为了明确帕金森病(PD)和非典型帕金森综合征(AP)患者首次住院时谵妄发作的发生率、预测因素及预后,我们在苏格兰东北部帕金森综合征发病率(PINE)研究中,确定了帕金森综合征患者确诊后首次住院的谵妄发作情况。该研究是一项基于社区的帕金森综合征前瞻性发病率队列研究,采用基于病历的标准来定义谵妄。在296例患者中(189例为PD,107例为AP[路易体痴呆、进行性核上性麻痹、多系统萎缩、血管性帕金森综合征]),152例出现谵妄(PD = 98例,AP = 54例)。PD患者每100人年首次住院谵妄发作的发生率为8.1(95%置信区间[CI] 6.6 - 9.9),AP患者为18.5(95% CI 13.9 - 24.7)。

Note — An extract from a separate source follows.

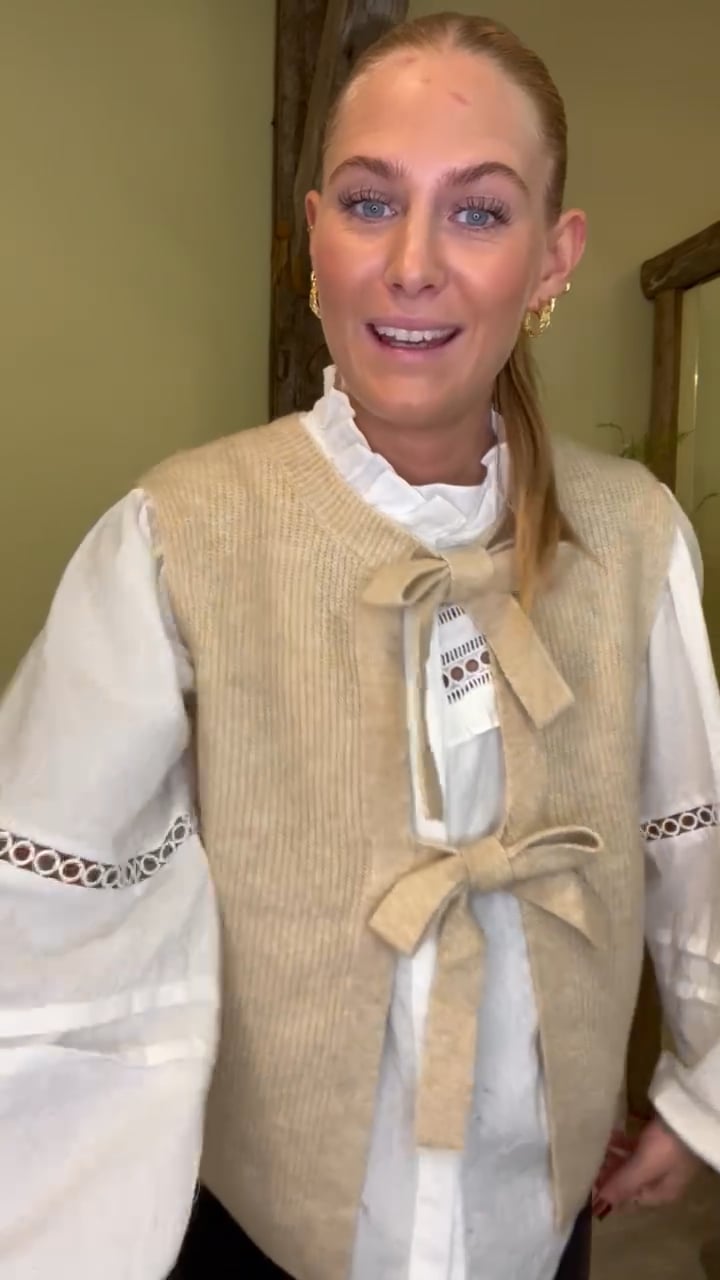 En sød vest fra Pieces er kommet i en lækker blød strik kvalitet. Den er med fine sløjfe detaljer foran og er faktisk vendbar så du nemt kan have sløjferne bagpå også. Den er sej med en t-shirt under til hverdag og med enten et par jeans eller en nederdel.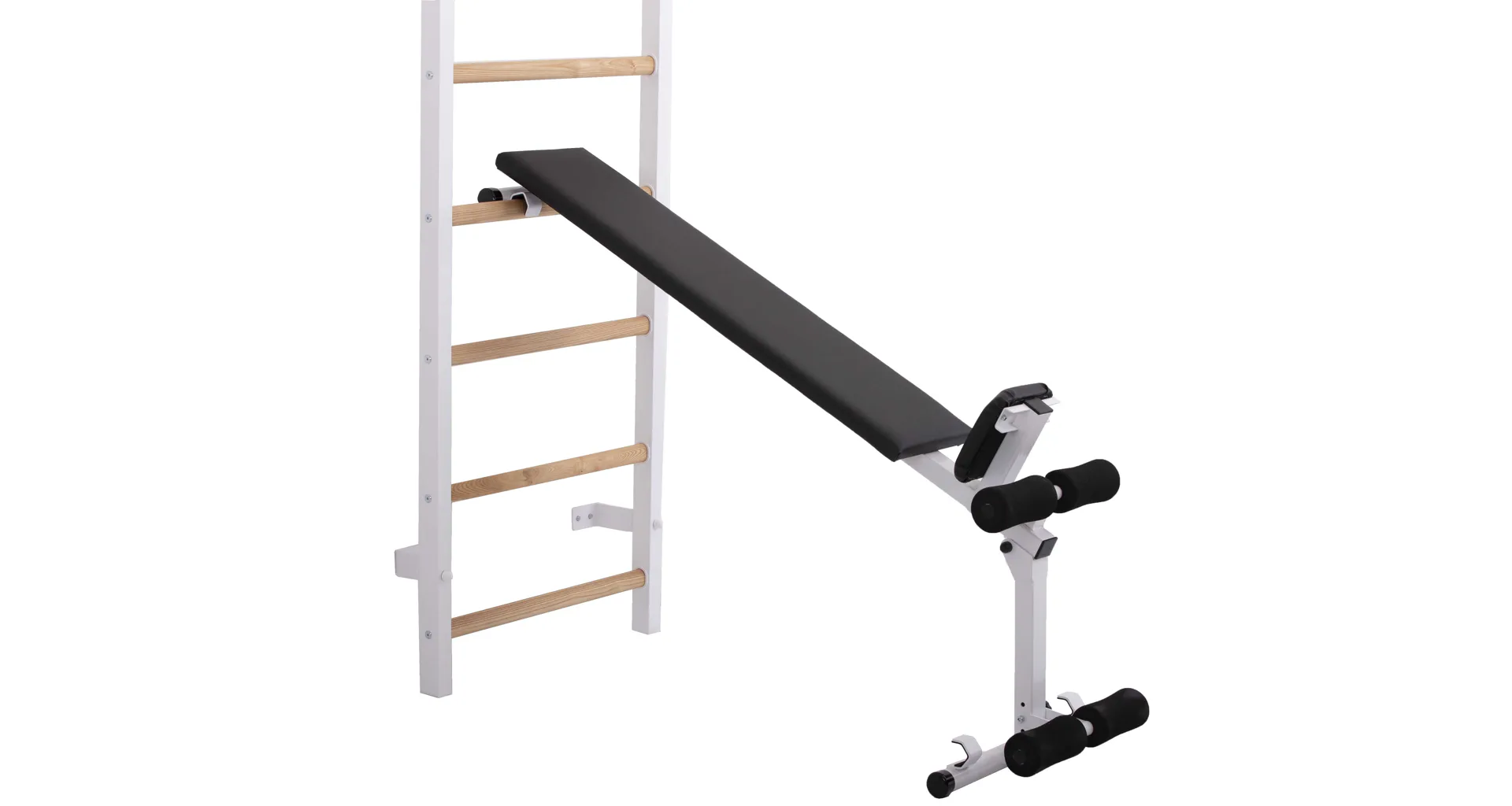Dalším benefitem je odnímatelný sedák, který poskytuje ideální oporu pro tlakové cviky v sedě nebo náklonu. Lavice je vybavena polohovatelnou opěrnou nohou, takže si ji snadno přizpůsobíte svým potřebám. Díky možnosti jejího úplného složení můžete lavici efektivně zavěsit na žebřiny, což šetří místo a zároveň zajišťuje, že budete mít posilovnu vždy uspořádanou.

谵妄的独立预测因素为非典型帕金森综合征(与PD相比,风险比[HR] = 2.83 [95% CI 1.60 - 5.03])、PD患者的年龄(但AP患者不是,每增加10岁的HR为2.29 [95% CI 1.74 - 3.02])、基线简易精神状态检查表(MMSE)(HR = 0.94 [95% CI 0.89 - 0.99])、PD患者的载脂蛋白Eε4(HR 2.16 [95% CI 1.15 - 4.08])以及PD患者的微管相关蛋白tau基因H1/H1(HR 2.08 [95% CI 1.08 - 4.00])。与谵妄发作前相比,谵妄发作后痴呆和死亡的风险增加(帕金森综合征患者中痴呆:HR = 6.93 [95% CI 4.18 - 11.48];PD患者中死亡:HR = 3.76 [95% CI 2.6 — 5.35],AP患者中为1.59 [95% CI 1.04 - 2.42])。谵妄是PD和AP常见的非运动症状,且与痴呆和死亡风险增加相关。早期识别和治疗干预措施是否能改善预后有待研究。